Multiple factors can influence the expression of the construct, such as the plasmid copy number and proper insulation from upstream and downstream sequences. So far, the msfGFP reporter constructs have been genomically integrated in the host as a single copy. To determine the impact of the copy number on msfGFP production, the reporter construct Pphi15, MCP-msfgfp is integrated in identical vectors with different origins of replication: pSEVA621 (RK2-low copy number), pSEVA631 (pBBR1-medium copy number), pSEVA641 (pR01600/ColE1-high copy number) and pSEVA651 (RSF1010-high copy number). When introducing the vectors in P. putida carrying pSTDesX.phi15RNAP none of the transformants contained the desired vector. This result is in line with the work of several other research groups, who did not succeed to support both a T7-like phage RNAP and the corresponding promoter on DNA vectors. Therefore, we attempted to introduce the vectors in P. putida where the phi15 RNAP is genomically integrated in PP13, PP5322 and PP5042, respectively. All of the strains were able to tolerate and replicate pSEVA621.Pphi15, MCP-msfGFP, while no transformants were obtained for the pSEVA641 backbone. Furthermore, only P. putida PP5042::phi15rnap was electroporated successfully with pSEVA631. Pphi15, MCP-msfGFP and pSEVA651. Pphi15, MCP-msfGFP.
The OD600 and fluorescence intensity of all obtained transformants were measured for 12 h after induction with 0.3 mM 3 mBz and displayed in FIG. 25. For all integration sites, the cell cultures have a significantly lower OD600 after 12 h of growth when the reporter construct vector-borne instead of integrated in the host's Tn7 landing site (P<0.0001). Moreover, for integration site PP13, almost no cell growth occurred after 12 h of incubation in the presence of 0.3 mM 3 mBz (FIG. 25). Due to this very stunted cell growth, it would be incorrect to compare the performance of the different strains based on their normalized msfGFP levels. Therefore, the absolute msfGFP levels were examined instead (FIG. 25), clearly indicating that a single copy reporter construct is highly favorable over multicopy variants, no matter in which locus the phi15 RNAP is integrated. For P. putida strains with phi15 RNAP integrated in PP13, PP5322 or PP5042, the single copy construct shows minimal impact on cell growth, while enabling very high absolute and normalized msfGFP expression levels. Based on these results, the pBGDes vector will be used as a backbone to create our final expression construct.
Nine strong, validated terminators of phages LUZ7 and LUZ100 were screened as potential upstream insulators of the expression construct. All terminators were individually placed directly upstream of the phi15 promoter driving msfGFP expression. Upon integration of the reporter constructs in the host' Tn7 attB site, the basal fluorescence level of the resulting strains was measured in absence of the phi15 RNAP, to assess potential readthrough of neighboring sequences. As a negative control, a reporter construct without upstream terminator and the P. putida KT2440 wildtype strain were included in the assay. The constructs with terminators LUZ7 T7 and LUZ7 T60 showed a msfGFP output that was significantly higher than the wildtype strain (Tukey HSD, P<0.05) (Error! Reference source not found.28A). It is unclear whether this increased msfGFP level is caused by the terminator sequence itself or another factor, but nevertheless these two terminators will not be considered as upstream insulators.

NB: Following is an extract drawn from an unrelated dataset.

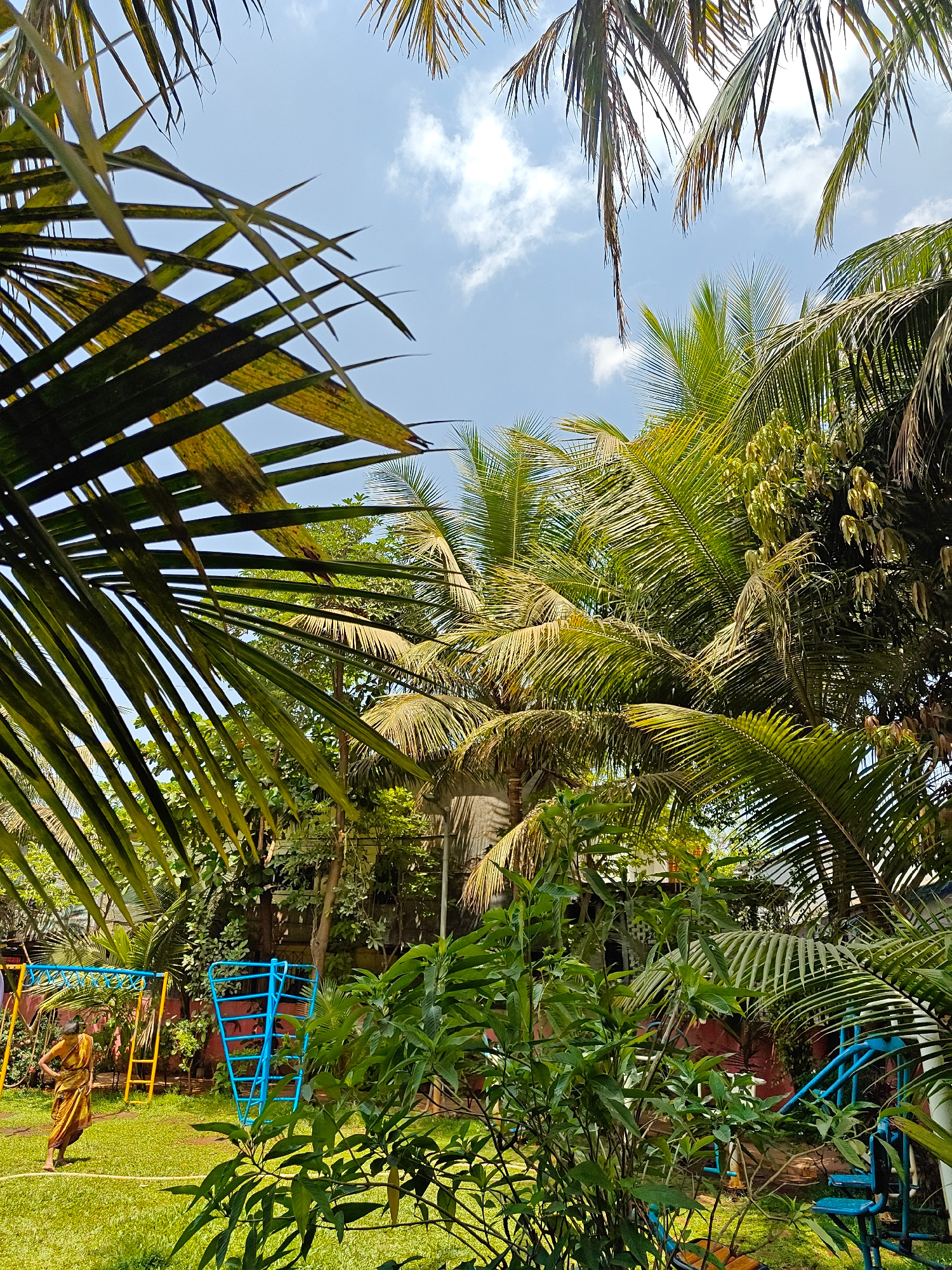 The image captures a scene within a lush, overgrown garden, likely in a tropical or subtropical location. The foreground is dominated by vibrant green foliage of various plants and trees, including pa…read more

Apart from the basal fluorescence level, we confirmed that the tested terminators did not impact the msfGFP expression levels upon induction of the phi15 RNAP (Error! Reference source not found.28B). After introduction of the phi15 RNAP on pSTDesX, the msfGFP levels of all strains were monitored in induced and uninduced conditions. None of the terminators showed a significant impact on msfGFP output in comparison to a terminatorless control, except for LUZ100 T6 (Tukey HSD, P<0.05). Based on these results, terminator LUZ7 T50 is selected as an upstream insulator, as it does not influence the performance of the expression system and has been characterized as strong, bidirectional terminator.
Building on this knowledge, we attempted to combine the translational strength of the phage MCP 5′UTR with the standardized performance of BCD2 by creating novel BCDs based on the phages' MCP 5′UTR sequence. More specifically, we created five different BCDs for the phi15 system by ligating the phi15 promoter, phi15 MCP 5′UTR and the first 17 codons of the phi15 MCP gene, in which we introduced the second RBS and linker to the startcodon in five different ways (FIG. 27A,B). In phi15BCD01, the MCP sequence was maximally maintained, while in phi15BCD02, phi15BCD03 and phi15BCD04 three RBS-startcodon spacers with different lengths were introduced that are reported to yield high expression levels in P. putida. Lastly, in phi15BCD05 we introduced the BCD2 spacer in the phi15 MCP. All five phi15BCDs were ligated to an msfGFP reporter and introduced together with the phi15 RNAP in P. putida strains pB4RB0, pB5RB0, pB6RB0, pB7RB0 and pB8RB0 (FIG. 27) and their performance was compared to the original phi15 MCP 5′UTR and the phi15 GC-GCAG-BCD2 UTR.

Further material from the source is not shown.